The sliding charged tube
Let us analyze, once again, the sliding charged tube around a charged cylinder, which we presented in the previous blog post:
E B E
^ ^ ^ ^ ^ ^
| | | × × × × | | |
negative charge
-------------
++++++++++++++++++ positive charge
-------------
--> v
In this case, we can claim that the Poynting vector explains some of the inertia of the the tube.
Let the charged tube move very slowly. Then the energy density of the magnetic field B is very small.
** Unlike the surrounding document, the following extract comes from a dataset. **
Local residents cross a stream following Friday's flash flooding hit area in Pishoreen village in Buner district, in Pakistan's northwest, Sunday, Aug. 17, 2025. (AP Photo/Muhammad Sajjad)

Energy in the electric field E on the right side of the tube must flow to the left side, as the tube progresses on its journey. Presumably, this energy flow is described by the Poynting vector, and momentum is associated with it.
In the diagram above if we make the right hand forefinger to point to the direction of E and the middle finger to B, then the thumb points left: that is, energy flows to the left, as expected.
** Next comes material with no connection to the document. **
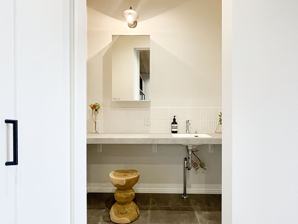 キッチン横に、幅の広いカウンターのセカンド洗面を設けました。壁面のタイル装飾や、ブラケットライトもこだわりました。広い洗面が2か所あると、あわただしい朝も混雑せず、スムーズに身支度できるのがうれしいですね。見せたくないものは、収納付きミラーの中へさっと片付けることができるので、来客時も気兼ねなく使っていただけます。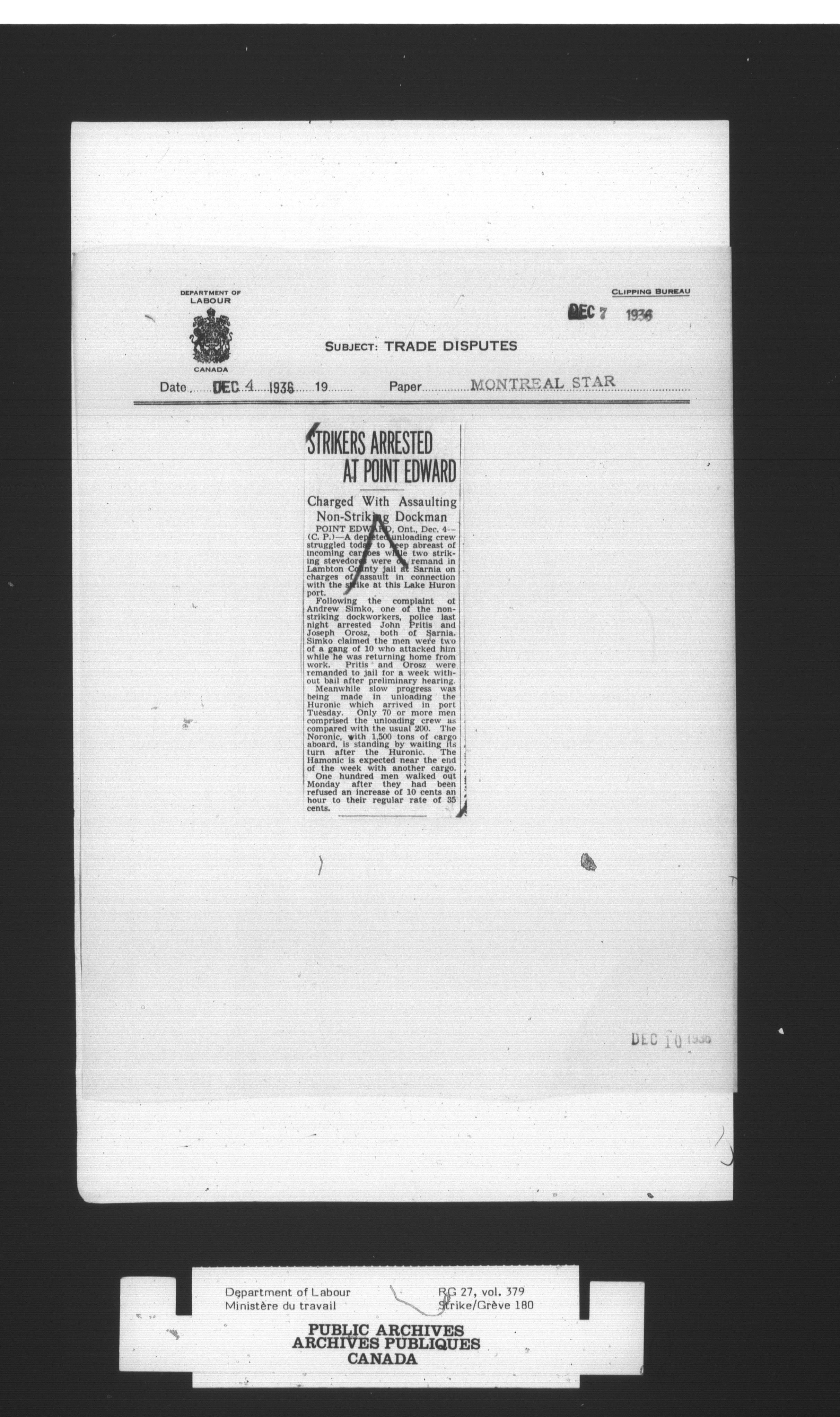 Department of Labour, Economics and Research Branch : Strikes and lockout files - 2988

We can very crudely explain the inertia of the tube relative to the cylinder in the following way:
1. The tube carries the mass-energy of its own electric field (even though that energy is "hidden" by the opposite charge of the cylinder), and
2. an equivalent amount of inertia arises from the energy flow from the electric field on the right side of the tube to the left side.
The momentum associated with item 1 flows to the right, and the momentum associated with 2 flows to the left. The total momentum, measured in the laboratory frame, is zero. This explains why the momentum held by a pure magnetic field B without an electric field E is zero.
rope
--> v
_________
O_________O wheel
| v <-- |
==============
frame
Let us have a pulley made of two wheels and a loop of rope, like in the diagram. If we make the pulley to rotate, the system has a zero momentum relative to the laboratory frame. However, the pulley has inertia relative to the frame. The inertia arises from two movements to opposite directions.
The electric field E generated by a decreasing magnetic field B
Faraday's law of induction says
∇ × E = -dB / dt.
If the magnetic field B in the above diagram decreases, then an induced electric field E' has its curl pointing to the screen. If the right hand has its thumb pointing to the screen, then the fingers tell us the direction of the field E':
× × × -dB / dt
<------
E'
------------ --> v
++++++++++++ cylinder
------------
tube
The electric field E' "resists" the change in the magnetic field B. The electric field tries to push the negatively charged tube to the right and the positively charged cylinder to the left. Can we somehow explain this process with inertia?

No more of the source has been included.